Work request: All entries must be repeated exactly. No picture should appear in the result.

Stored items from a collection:
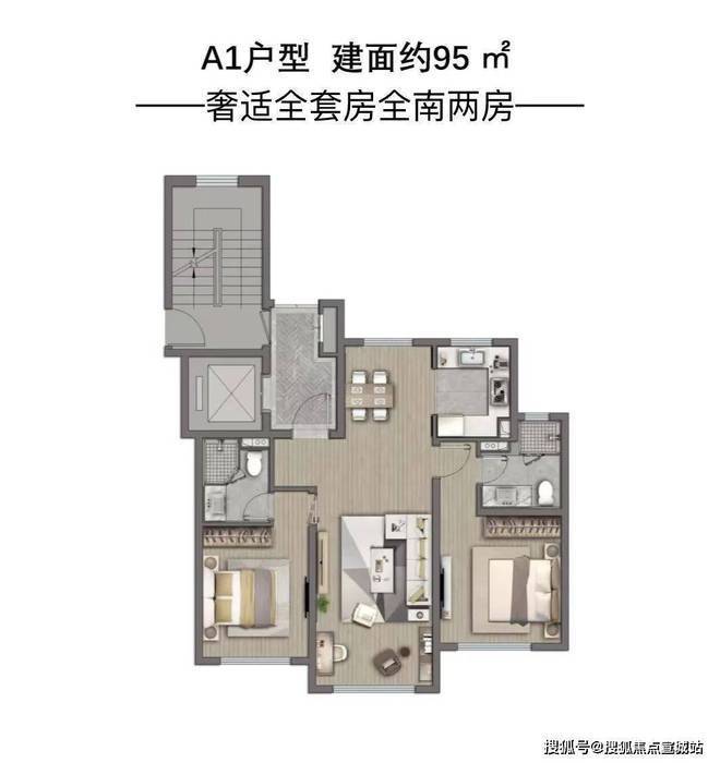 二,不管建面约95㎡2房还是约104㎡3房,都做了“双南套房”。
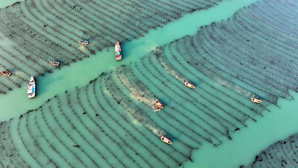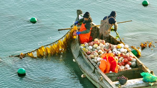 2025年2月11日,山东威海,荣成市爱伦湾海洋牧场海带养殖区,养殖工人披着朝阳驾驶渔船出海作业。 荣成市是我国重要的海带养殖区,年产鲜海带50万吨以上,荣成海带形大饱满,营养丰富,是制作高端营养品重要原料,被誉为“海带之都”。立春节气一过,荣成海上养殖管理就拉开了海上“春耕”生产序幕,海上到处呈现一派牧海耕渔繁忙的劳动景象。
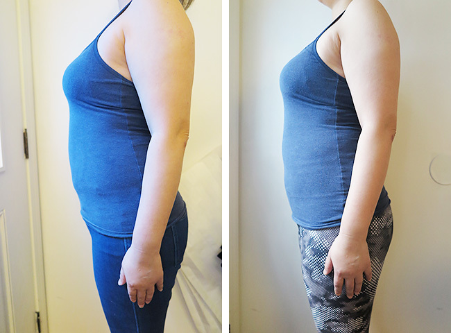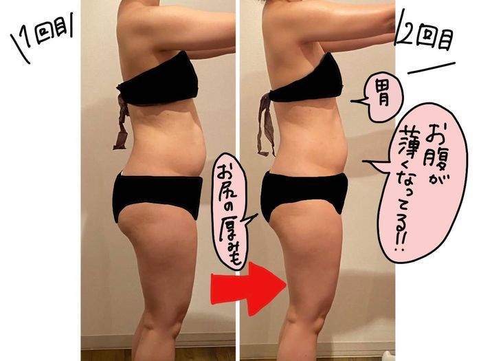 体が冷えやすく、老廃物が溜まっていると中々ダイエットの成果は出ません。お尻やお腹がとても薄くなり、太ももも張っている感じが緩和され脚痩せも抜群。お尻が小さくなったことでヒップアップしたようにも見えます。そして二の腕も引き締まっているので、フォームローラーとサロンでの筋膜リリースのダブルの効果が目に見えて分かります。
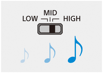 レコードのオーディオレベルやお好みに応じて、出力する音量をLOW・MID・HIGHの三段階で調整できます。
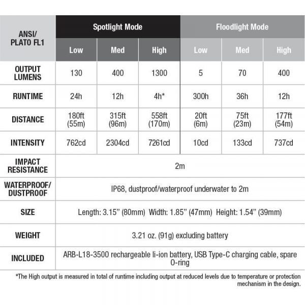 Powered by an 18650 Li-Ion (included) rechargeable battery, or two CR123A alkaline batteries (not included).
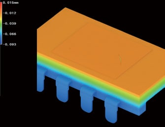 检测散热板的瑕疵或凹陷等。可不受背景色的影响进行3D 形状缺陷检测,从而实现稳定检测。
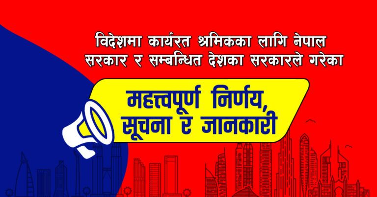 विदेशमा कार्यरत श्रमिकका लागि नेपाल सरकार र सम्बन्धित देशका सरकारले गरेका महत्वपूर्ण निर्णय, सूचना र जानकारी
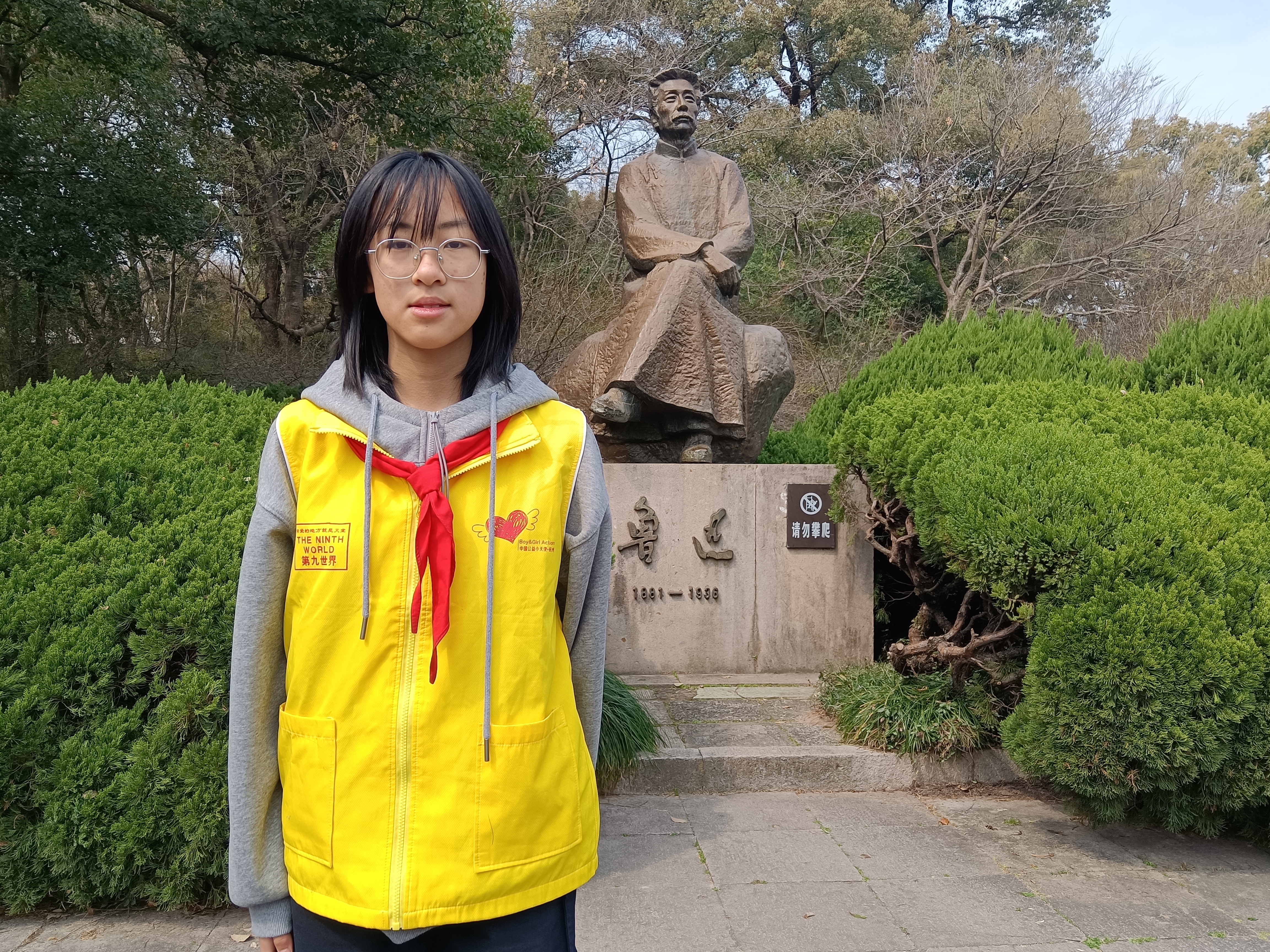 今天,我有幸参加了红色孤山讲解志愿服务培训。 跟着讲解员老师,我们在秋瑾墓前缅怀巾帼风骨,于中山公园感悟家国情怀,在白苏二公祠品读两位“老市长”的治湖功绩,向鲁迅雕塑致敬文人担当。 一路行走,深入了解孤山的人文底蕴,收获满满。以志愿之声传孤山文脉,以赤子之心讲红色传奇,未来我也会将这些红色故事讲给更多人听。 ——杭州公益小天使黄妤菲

Task solution:
 二,不管建面约95㎡2房还是约104㎡3房,都做了“双南套房”。
 2025年2月11日,山东威海,荣成市爱伦湾海洋牧场海带养殖区,养殖工人披着朝阳驾驶渔船出海作业。 荣成市是我国重要的海带养殖区,年产鲜海带50万吨以上,荣成海带形大饱满,营养丰富,是制作高端营养品重要原料,被誉为“海带之都”。立春节气一过,荣成海上养殖管理就拉开了海上“春耕”生产序幕,海上到处呈现一派牧海耕渔繁忙的劳动景象。
 体が冷えやすく、老廃物が溜まっていると中々ダイエットの成果は出ません。お尻やお腹がとても薄くなり、太ももも張っている感じが緩和され脚痩せも抜群。お尻が小さくなったことでヒップアップしたようにも見えます。そして二の腕も引き締まっているので、フォームローラーとサロンでの筋膜リリースのダブルの効果が目に見えて分かります。
 レコードのオーディオレベルやお好みに応じて、出力する音量をLOW・MID・HIGHの三段階で調整できます。
 Powered by an 18650 Li-Ion (included) rechargeable battery, or two CR123A alkaline batteries (not included).
 检测散热板的瑕疵或凹陷等。可不受背景色的影响进行3D 形状缺陷检测,从而实现稳定检测。
 विदेशमा कार्यरत श्रमिकका लागि नेपाल सरकार र सम्बन्धित देशका सरकारले गरेका महत्वपूर्ण निर्णय, सूचना र जानकारी
 今天,我有幸参加了红色孤山讲解志愿服务培训。 跟着讲解员老师,我们在秋瑾墓前缅怀巾帼风骨,于中山公园感悟家国情怀,在白苏二公祠品读两位“老市长”的治湖功绩,向鲁迅雕塑致敬文人担当。 一路行走,深入了解孤山的人文底蕴,收获满满。以志愿之声传孤山文脉,以赤子之心讲红色传奇,未来我也会将这些红色故事讲给更多人听。 ——杭州公益小天使黄妤菲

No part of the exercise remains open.